[[ THE RECORDS open ]]

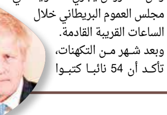
ووجه ذلك بعدما أرسل العدد المطلوب من أعضاء البرلمان عن حزب المحافظين خطابات تدعو إلى تنحيته. ومن المقرر أن يجري التصويت في مجلس العموم البريطاني خلال الساعات القريبة القادمة. وبعد شهر من التكهات، تأكد أن 54 نائبا كتبوا
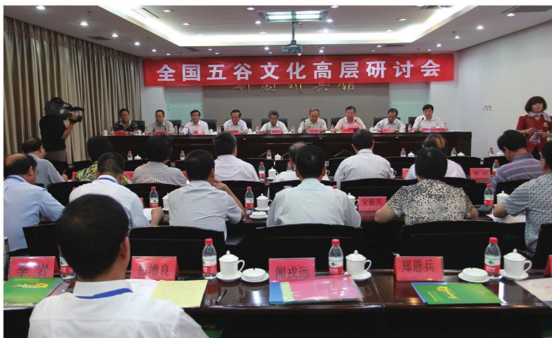
2012年8月1日全国五谷文化高层研讨会会场
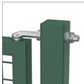
Gonds rigides, M16 (160 ou 180 mm) faciles à régler, en acier galvanisé
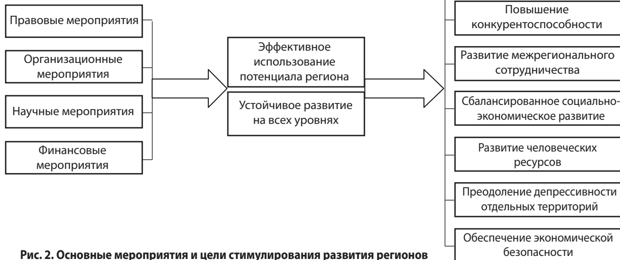
Рис. 2. Основные мероприятия и цели стимулирования развития регионов

Проведенный анализ основных нормативно-правовых документов, которые регламентируют порядок разработки стратегий и планов социально-экономического развития Украины и её регионов, позволил сделать вывод о том, что в них отсутствуют документы, связанные с обеспечением экономической безопасности страны и ее регионов [5, 6, 8 – 17].
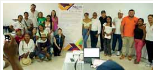
Foto: Encuentro con candidatas, proyecto de incidencia política de Mínimos de Reconciliación Y Paz en el Vicariato Apostólico de Leticia Con el apoyo solidario de: CEI
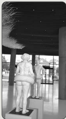
Ty už máš přezuto?
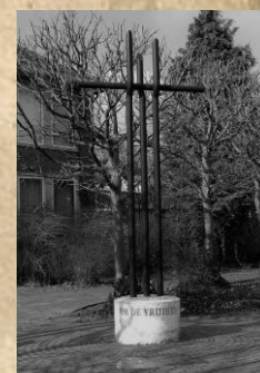
Oorlogsmonument ter herinnering aan WO II, Kampweg
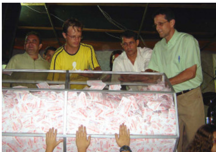
Sorteio 200 mil cupons foram confeccionados e distribuídos pelo comércio para o sorteio

Sorteio de prêmios e show de música sertaneja, popular brasileira e axé foram as atrações do encerramento da Campanha "Natal Premiado" da Associação Comercial e Empresarial de Ilha Solteira e do Projeto Natal Iluminado desenvolvido pela prefeitura

[[ THE RECORDS closed ]]

TRY IT
Verbatim copy, pictures excluded: output the lines from the first line of the records above through the line containing "2012年8月1日全国五谷文化高层研讨会会场".

REPLY TO THE EXERCISE
ووجه ذلك بعدما أرسل العدد المطلوب من أعضاء البرلمان عن حزب المحافظين خطابات تدعو إلى تنحيته. ومن المقرر أن يجري التصويت في مجلس العموم البريطاني خلال الساعات القريبة القادمة. وبعد شهر من التكهات، تأكد أن 54 نائبا كتبوا
2012年8月1日全国五谷文化高层研讨会会场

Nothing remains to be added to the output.